Erieblogging: Day Twenty-Seven
Erieblogging: Day Twenty-Nine

Erieblogging: Day Twenty-Eight

Today’s Erie question is about “countervailing federal interests.” Assume that a procedural matter faced by a federal court sitting in diversity is not covered by federal enacted law (that is, a federal statute or a Fed. R. Civ. P). That puts us in “relatively unguided Erie” territory. Assume as well that the relevant state supreme court would not say that a state rule on the matter follows the state law cause of action upon which the plaintiff sues into federal court. That gets us out of Byrd’s “bound up” test. If so, whether the federal court should use a uniform federal common law rule or borrow the rule that would be used by a forum state court comes down to two sets of considerations – the twin aims of Erie (which argue for borrowing) and countervailing federal interests in favor of using a uniform federal common law rule.

My students usually have pretty good idea how to apply the twin aims (or at least the forum shopping part) and sometimes even have intuitions about whether a rule is bound up with the cause of action. What they have the most difficulty with is identifying countervailing federal interests. Consider whether a federal court can apply a uniform federal common law time limit to state law actions – maybe a flexible approach like laches (which was what was at issue in Guaranty Trust v. York). There would obviously be vertical forum shopping as a result. But why aren’t there countervailing federal interests in favor of the flexible federal rule? No one, to my knowledge, has a good theory about why not.

With an expansive view of countervailing federal interests, the twin aims are toothless.

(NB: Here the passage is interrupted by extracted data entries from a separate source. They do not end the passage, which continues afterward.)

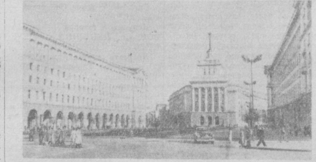
Народная Республика Болгария. София. Площадь имени Ленина.
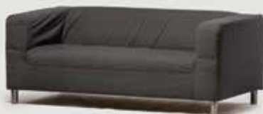
TROSED količina: 6
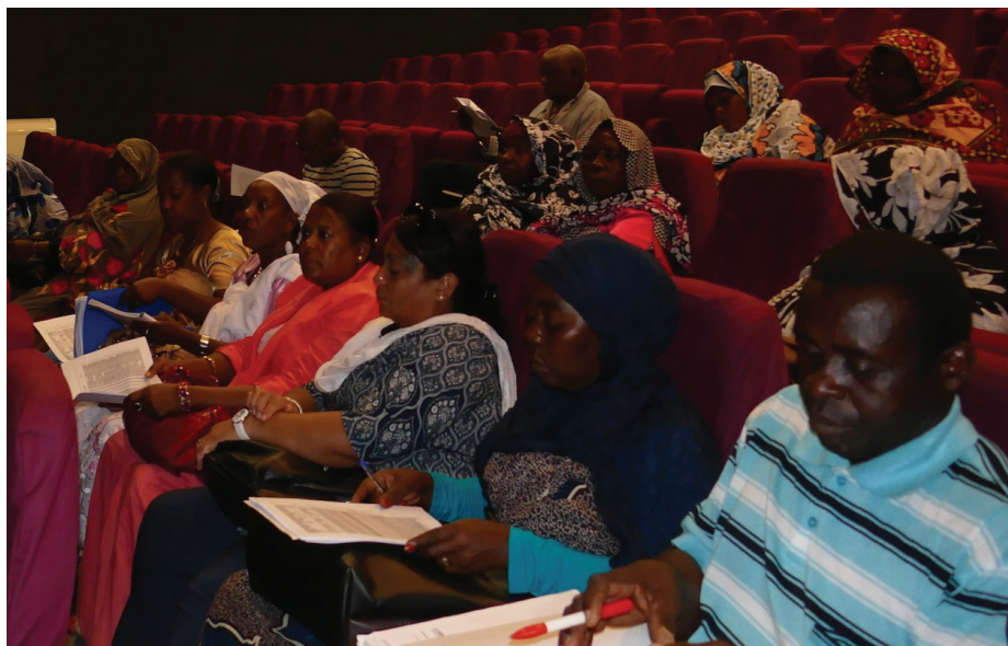
Les quelques agents territoriaux présents

Sur 3.600 agents concernés par une intégration dans la fonction publique, ils n'étaient qu'une vingtaine à avoir répondu à l'appel d'une intersyndicale des 4 syndicats majoritaires. Il s'agissait pourtant aussi de profiter du contexte de la réunion de ce vendredi au ministère de la fonction publique pour exercer une pression sociale.

There needs to be some restriction on identifying such interests. The restriction cannot be that countervailing federal interests must be grounded in federal enacted law. Granted, such an approach would make some sense. The twin aims are apparently a congressional restriction on federal courts’ power over federal procedural common law in diversity cases. This restriction arguably can be lifted only by another congressional command. The problem is that federal courts commonly find countervailing federal interests without pegging them to federal enacted law.

Countervailing federal interests are, in short, a mystery, but probably no more mysterious than the idea of restrictions on federal common law in general.